Alors qu'on s'affairait à gérer le sort du pitbull, tous les employés de la SPA Mauricie ont signé un document pour demander à ce que le chien soit opéré à l'extérieur de l'établissement, selon une lettre acheminée au Nouvelliste. On y indique aussi que les employés se sont cotisés pour défrayer les coûts pour cette opération, évalués à 350 $, dans une autre clinique vétérinaire.

De plus, la lettre ajoute que «nous avons trouvé une famille d'accueil pour la convalescence de cet animal avec une technicienne pour que tout se passe bien».

Malgré tout, la direction a répondu, par l'entremise d'une lettre transmise aux employés et dont Le Nouvelliste a obtenu copie, qu'elle allait procéder à l'euthanasie de l'animal, sous la recommandation de la vétérinaire de la SPA Mauricie.

Dans ce document, le directeur général Serge Marquis explique que «la gestion d'une SPA se fait sur la prise en compte d'un ensemble de facteurs et ne peut se baser uniquement sur des considérations émotives».

Remous émotifs

La décision finale a offusqué plusieurs membres du personnel, tellement qu'une employée a même remis sa démission jeudi dernier. Elle a toutefois réintégré ses fonctions depuis.

«Tout le monde n'en revient pas, la tension est palpable dans nos locaux», peut-on lire dans la lettre de dénonciation des employés.

En entrevue au Nouvelliste, M. Marquis reconnaît qu'il y a eu des remous à l'interne et s'avoue surpris que la procédure ait suscité autant de réactions alors que la SPA Mauricie effectue environ 3000 euthanasies par année.

«Il y a eu un attachement excessif qui s'est produit par rapport à cet animal. Considérant l'âge de l'animal, la résolution de la problématique présentait des risques de récidive ou de souffrance ou encore un long suivi difficile à envisager», note M. Marquis, qui affirme avoir rencontré tous les employés frustrés par cette situation.

Dans sa lettre aux employés, le directeur général de la SPA Mauricie souligne que plusieurs options ont été envisagées avant d'en arriver à la piqûre.
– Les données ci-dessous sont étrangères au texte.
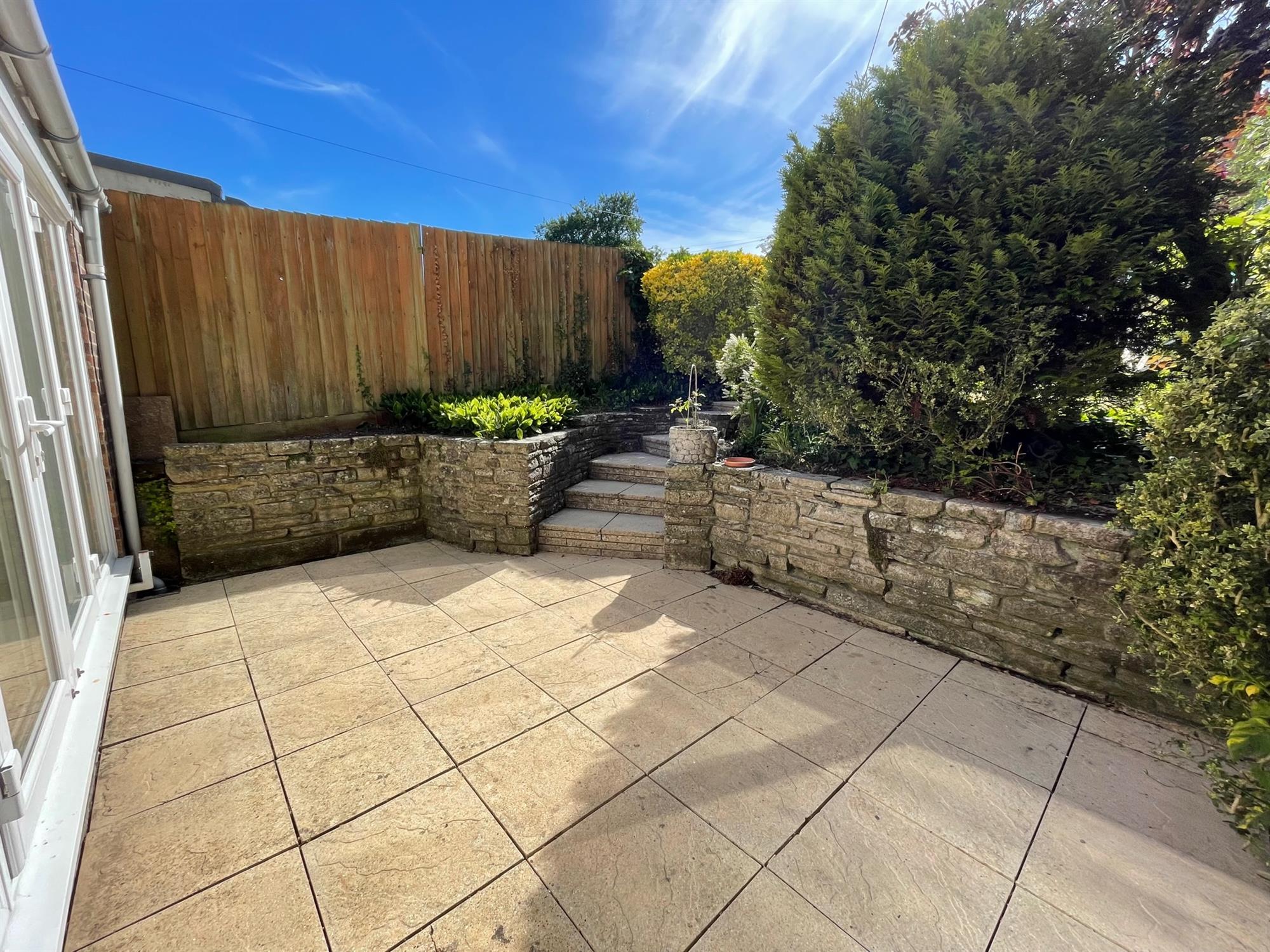 Outside there is an enclosed rear garden accessed from the sunroom. The lower section is a patio seating area and the steps lead up to a lawn bordered by mature shrubbery.

Il mentionne notamment la problématique d'offrir les soins postopératoires alors que le chien serait opéré dans une autre clinique, ce qui aurait pu envenimer les relations entre cliniques. De plus, il ajoute que la SPA Mauricie «ne peut prendre le risque que la famille (d'accueil) n'offre pas les soins nécessaires et que la condition de l'animal se dégrade nécessitant ainsi des soins supplémentaires».

D'autre part, les refuges contactés ont tous refusé d'accueillir le chien en raison de sa condition de santé.

Quant à la possibilité qu'un employé adopte le pitbull en question pour le sauver de l'euthanasie, M. Marquis préfère ne pas créer de précédent. «Nous ne voulons aucunement ouvrir la porte à ce type d'adoption qui pourrait ultimement nous mener vers la revente inappropriée de nos animaux par nos employés», écrit-il.

En bout de ligne, la décision de la direction a laissé des traces dans l'ambiance de travail à la SPA Mauricie. «Dommage de la part des hauts dirigeants qu'ils se foutent complètement de l'avis de leurs employés», concluent les employés dans leur lettre.